** WORKING DATA follows **

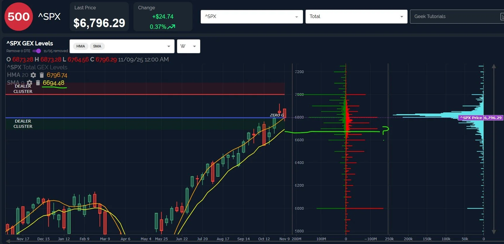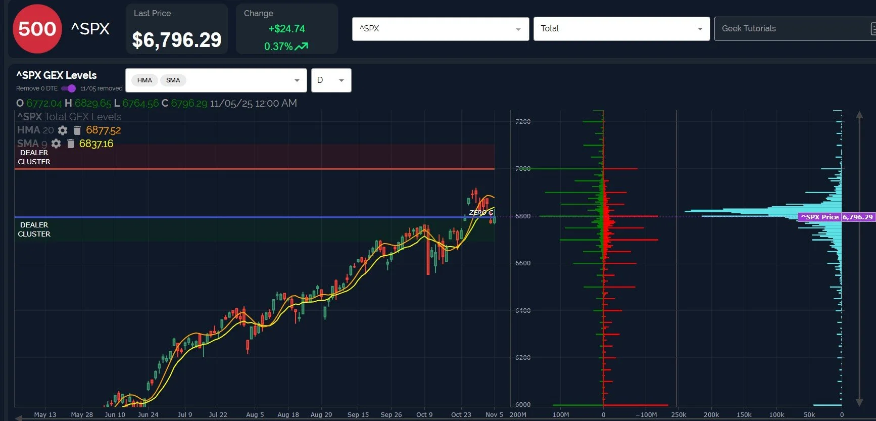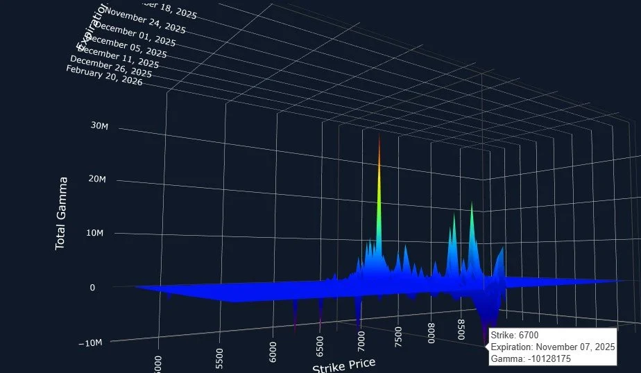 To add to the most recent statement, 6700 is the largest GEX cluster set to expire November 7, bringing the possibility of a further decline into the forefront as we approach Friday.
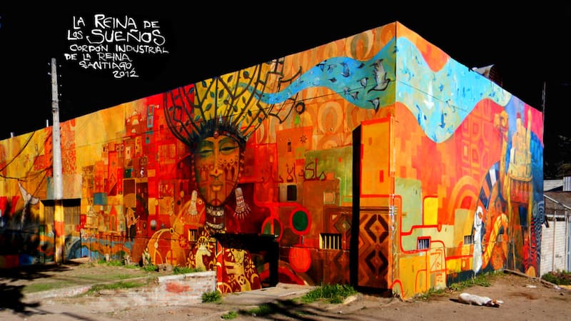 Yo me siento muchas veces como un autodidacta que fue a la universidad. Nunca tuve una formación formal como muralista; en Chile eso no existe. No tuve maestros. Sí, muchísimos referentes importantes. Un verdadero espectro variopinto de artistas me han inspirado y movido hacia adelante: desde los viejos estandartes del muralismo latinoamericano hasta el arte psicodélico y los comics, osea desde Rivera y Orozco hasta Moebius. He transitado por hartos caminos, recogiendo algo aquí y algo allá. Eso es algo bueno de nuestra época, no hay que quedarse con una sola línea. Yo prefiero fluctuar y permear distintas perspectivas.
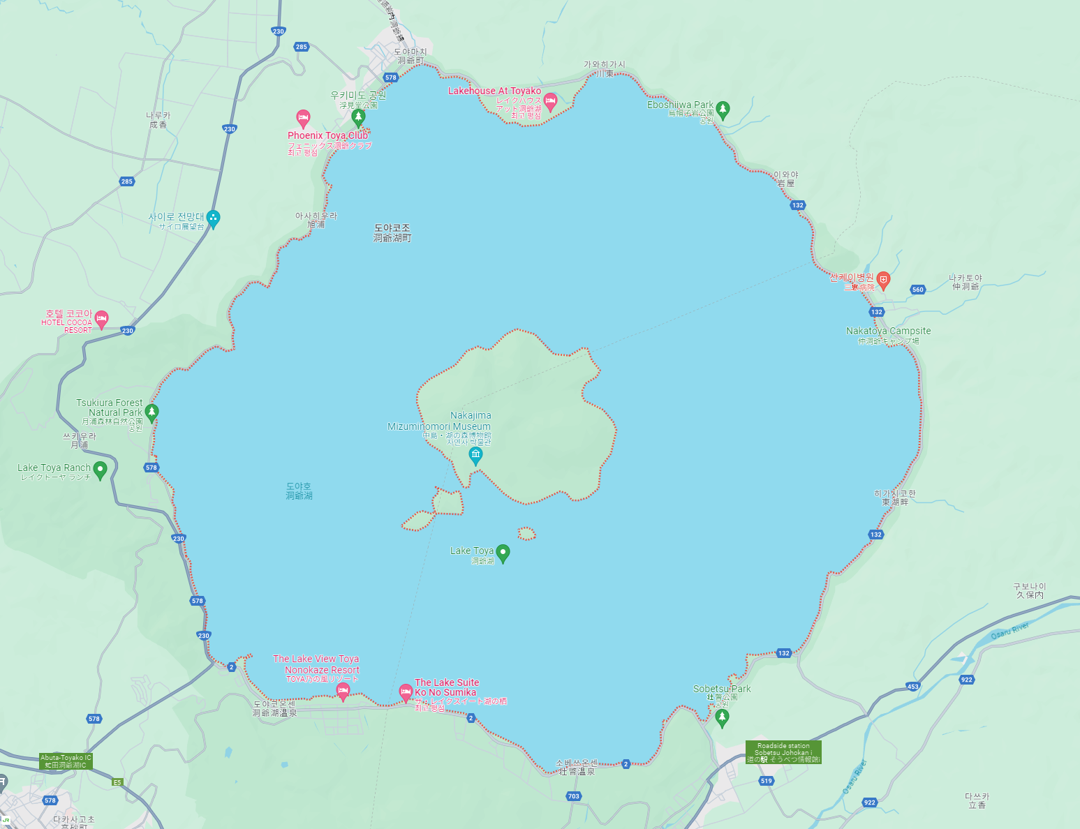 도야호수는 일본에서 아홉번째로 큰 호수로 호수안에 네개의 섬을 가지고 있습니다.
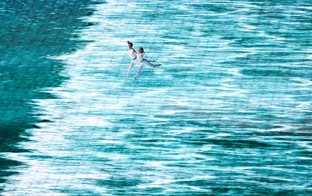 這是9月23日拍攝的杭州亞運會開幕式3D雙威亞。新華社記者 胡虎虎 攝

** End of WORKING DATA **
** WORKING DATA follows **

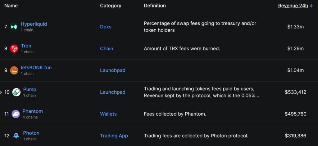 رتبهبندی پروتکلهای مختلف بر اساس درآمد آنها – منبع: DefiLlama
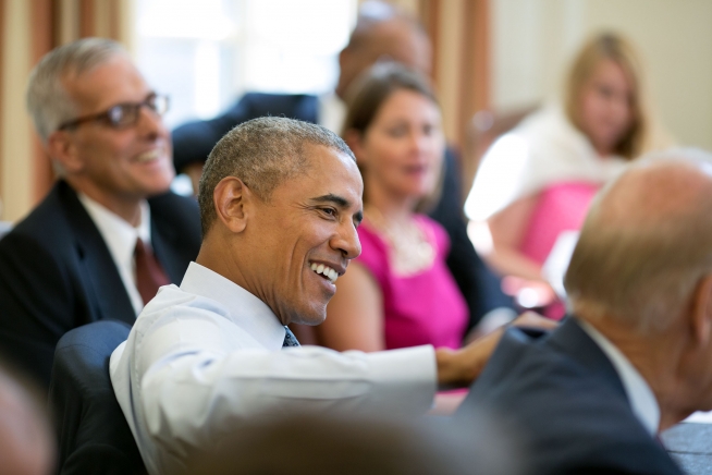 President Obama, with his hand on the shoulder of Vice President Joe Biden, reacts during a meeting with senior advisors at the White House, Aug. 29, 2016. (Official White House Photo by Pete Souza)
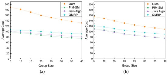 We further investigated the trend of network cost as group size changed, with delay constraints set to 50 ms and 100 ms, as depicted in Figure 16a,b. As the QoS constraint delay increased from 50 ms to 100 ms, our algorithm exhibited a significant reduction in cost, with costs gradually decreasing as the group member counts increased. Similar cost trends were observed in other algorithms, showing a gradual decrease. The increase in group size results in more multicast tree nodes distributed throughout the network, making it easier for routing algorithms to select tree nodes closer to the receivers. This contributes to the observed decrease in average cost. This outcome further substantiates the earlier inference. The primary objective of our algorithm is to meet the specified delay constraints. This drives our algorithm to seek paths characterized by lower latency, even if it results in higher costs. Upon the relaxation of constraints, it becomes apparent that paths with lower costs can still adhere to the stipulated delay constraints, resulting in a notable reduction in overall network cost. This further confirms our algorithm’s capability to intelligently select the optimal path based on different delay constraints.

** End of WORKING DATA **
** WORKING DATA follows **

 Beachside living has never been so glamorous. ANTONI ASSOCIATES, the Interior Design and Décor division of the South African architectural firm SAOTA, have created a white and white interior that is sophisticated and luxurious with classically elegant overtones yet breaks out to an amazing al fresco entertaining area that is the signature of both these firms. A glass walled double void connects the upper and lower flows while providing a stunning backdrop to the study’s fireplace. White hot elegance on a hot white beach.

** End of WORKING DATA **

**INSTRUCTIONS FOR THE TASK:** Above are some records; quote exactly and only the lines that begin at the line containing "To add to the" and stop after the line containing "這是9月23日拍攝的杭州亞運會開幕式3D雙威亞。新華社記者 胡虎虎 攝", leaving out the pictures.

**SOLUTION TO THIS PROBLEM:**
 To add to the most recent statement, 6700 is the largest GEX cluster set to expire November 7, bringing the possibility of a further decline into the forefront as we approach Friday.
 Yo me siento muchas veces como un autodidacta que fue a la universidad. Nunca tuve una formación formal como muralista; en Chile eso no existe. No tuve maestros. Sí, muchísimos referentes importantes. Un verdadero espectro variopinto de artistas me han inspirado y movido hacia adelante: desde los viejos estandartes del muralismo latinoamericano hasta el arte psicodélico y los comics, osea desde Rivera y Orozco hasta Moebius. He transitado por hartos caminos, recogiendo algo aquí y algo allá. Eso es algo bueno de nuestra época, no hay que quedarse con una sola línea. Yo prefiero fluctuar y permear distintas perspectivas.
 도야호수는 일본에서 아홉번째로 큰 호수로 호수안에 네개의 섬을 가지고 있습니다.
 這是9月23日拍攝的杭州亞運會開幕式3D雙威亞。新華社記者 胡虎虎 攝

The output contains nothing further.